Justices call for reargument in dispute about Oklahoma prosecutions of Native Americans
As the dust finally settles from last Thursday’s decisions in Department of Commerce v. New York and Rucho v. Common Cause, we can take a moment to notice the single hardest case of the term – the one case that the justices could not decide. Despite hearing oral argument all the way back in late November, and receiving a round of supplemental briefing by January, the justices left for the summer without offering a resolution of Carpenter v. Murphy. Rather, we are left with a bare notation that the case has been “restored to the calendar for reargument.”

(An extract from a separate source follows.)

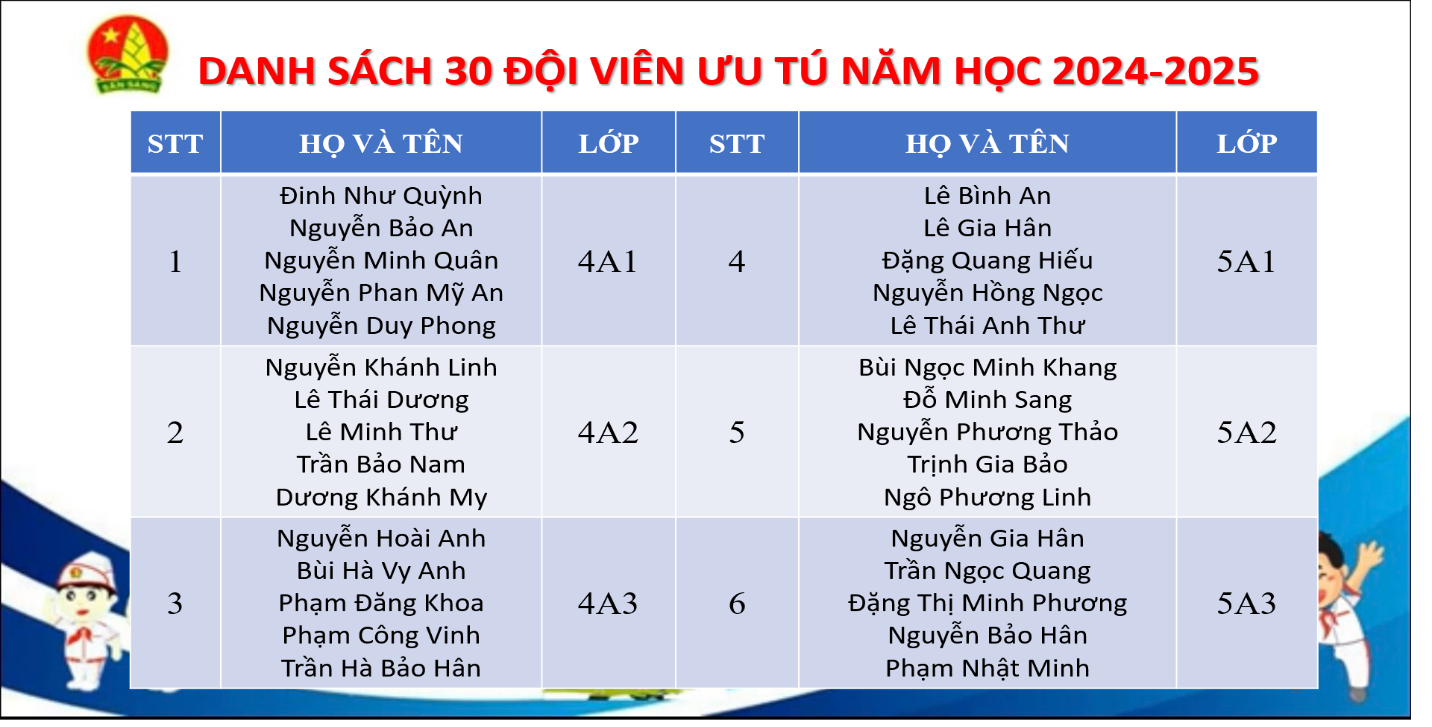 Danh sách 30 đội viên ưu tú được kết nạp Đội năm học 2024-2025

This case, in which Justice Neil Gorsuch is recused, forces the justices to seek a narrow path between two obstacles. As summarized in my prior posts, the case involves the question whether Oklahoma has jurisdiction to prosecute major crimes that Native Americans commit on the territory that was set aside in the 19th century as a reservation for the Five Civilized Tribes – land that covers the eastern half of Oklahoma, including the city of Tulsa.
On the one hand, the state argues that a decision in favor of the defendant, Patrick Murphy, would leave a prosecutorial void over an immense area, threatening the validity of a large number of past convictions and forcing a wholesale development of new institutions for prosecutions by federal and Native American authorities. On the other hand, a ruling for the state could require the justices to replace a settled “clear-statement” regime for the disestablishment of Native American reservations with a multi-factored arrangement in which authority over the land might have passed from the tribes to the state at an undefined date based on a loose amalgam of historical practice.
The justices’ desire to avoid either of those outcomes was apparent in their December request for supplemental briefing, which asked the parties to explore whether any statute might authorize Oklahoma prosecutions even if the land remained a reservation. The decision to set the case for reargument suggests that nothing in those briefs afforded any simple way to avoid that conundrum.